Выставочные залы и реставрационные работы мы можем видеть на фотографиях, сделанных в основном тремя фотографами рот пропаганды, которые побывали в Пскове в октябре 1942 года. По снимкам легко составить впечатление об архитектуре средневекового здания с его тяжелыми сводами на первом этаже и низкими потолками на втором, а равно и о том, как была устроена выставка и что на ней можно было увидеть. Один зал на первом этаже с великолепной росписью на потолке был посвящен древнему военному искусству: здесь выставили рыцарские латы и миниатюрную пушку, а также различное другое оружие и части доспехов. В другом зале посетителей ждали изделия декоративно-прикладного искусства – от изразцовой печи и отдельных изразцов до керамических сосудов и бронзовых колоколов. Мебель и светские картины тоже нашли свое место в залах первого этажа. Некоторые из них были собраны в интерьерные декорации, такие как «Псковская комната»830.
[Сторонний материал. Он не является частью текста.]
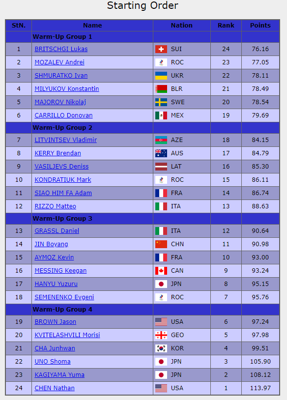 Sport.ru/ Фигурное катание. В четверг, 10-го февраля, пройдёт произвольная программа у мужчин на зимних Олимпийских играх в Пекине. Стали известны стартовые номера в произвольной программе.
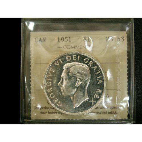 1951 $1 Arnprior ICCS MS63, fully white and lustrous
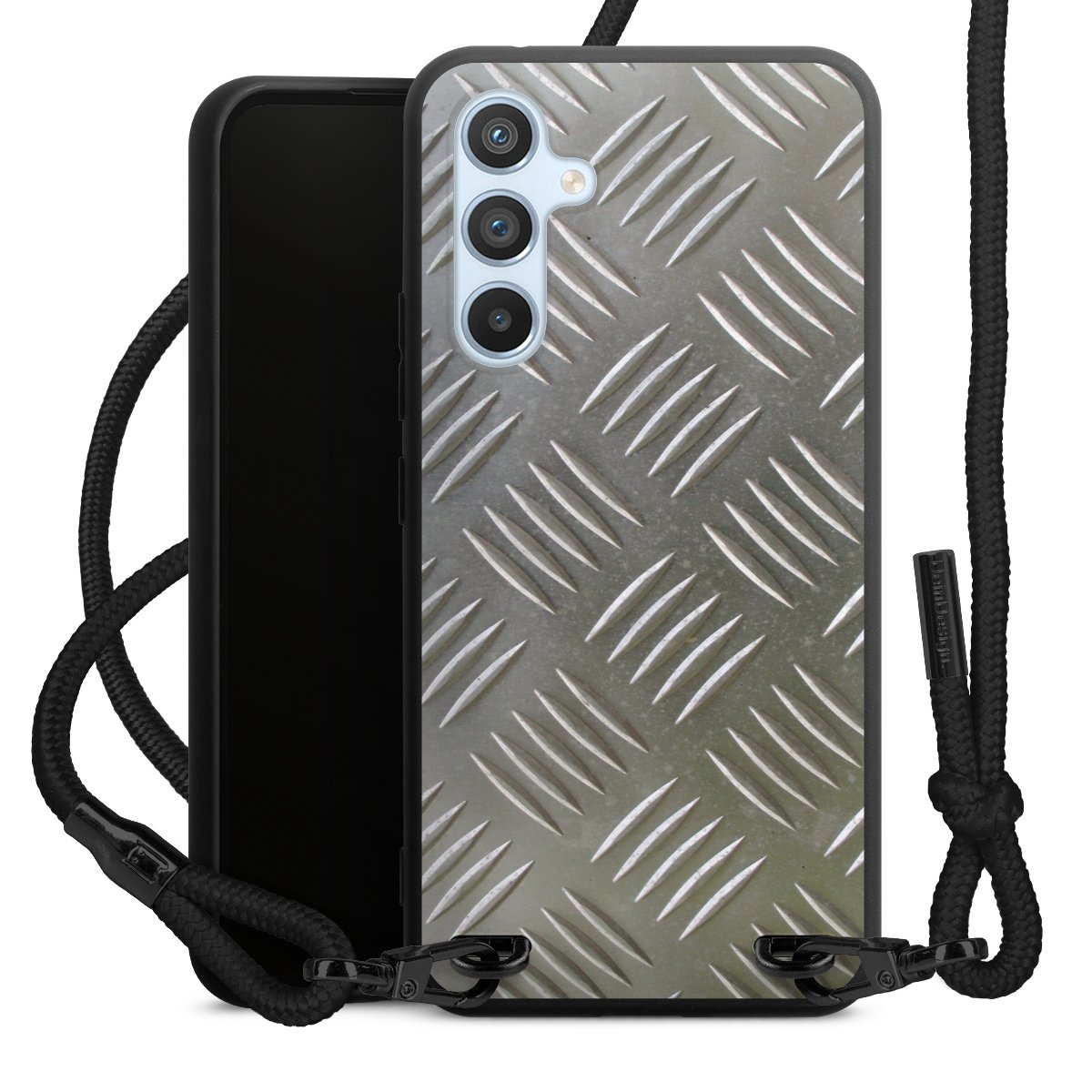 Pure Black: Phone case, fabric strap and metal details in stylish matt black.
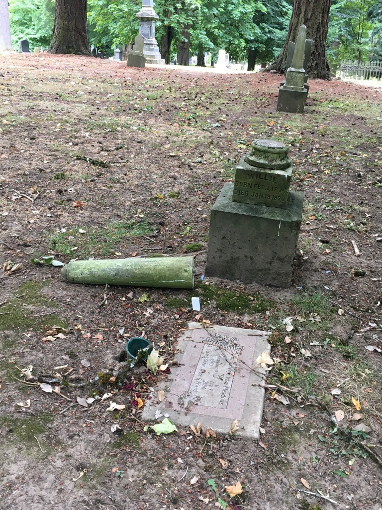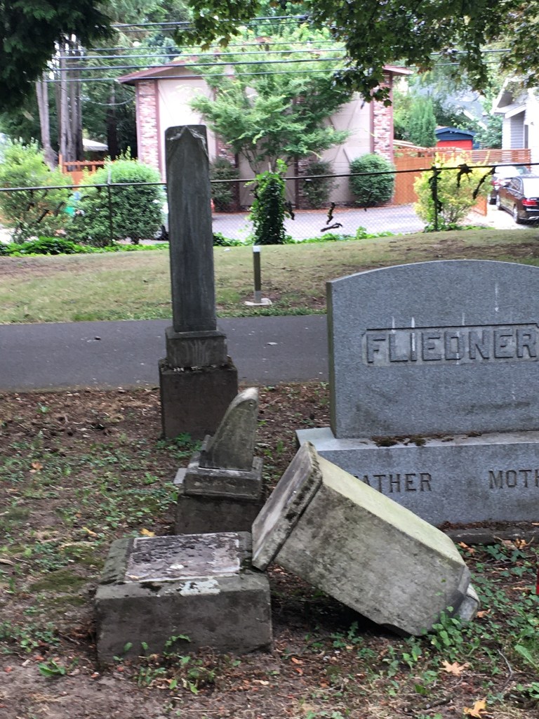 But other people have other, less positive coping mechanisms. One unhappy soul has been wandering around our dear Lone Fir Cemetery, kicking over beautiful, historic headstones.

Залы на верхнем этаже были, судя по фотографиям, отведены под древнерусское искусство, иконы и изделия художественных промыслов, предназначенные для церковного обихода. Самые важные иконы собрали в главном зале этого этажа – бывшей трапезной. Сюда поместили многие произведения, вывезенные из Новгорода, в том числе ценнейшие, такие как образ святых Бориса и Глеба XIV века или византийская икона апостолов Петра и Павла с ее традиционным серебряным окладом, датируемая серединой XI века. Она, предположительно, находилась в новгородском Софийском соборе с момента его освящения, но с тех пор сохранились лишь фрагменты изображения, покрытые окладом, а лики и руки апостолов были подновлены в XV веке, лишь очертания голов все еще позволяют увидеть следы оригинальной иконописи. Значение этой иконы определяется не только ее возрастом. Интересна и ее иконография, поскольку это одно из самых ранних изображений двух первоверховных апостолов, беседующих друг с другом831. Благодаря необычайно тонкому рисунку, оттенкам цветов и выразительным чертам святых икона и по сей день продолжает пленять зрителей. Чеканный оклад из серебра тоже отличается таким высоким художественным качеством, что пережил невредимым даже 1920‐е годы, когда огромное множество произведений церковного искусства отправили на переплавку.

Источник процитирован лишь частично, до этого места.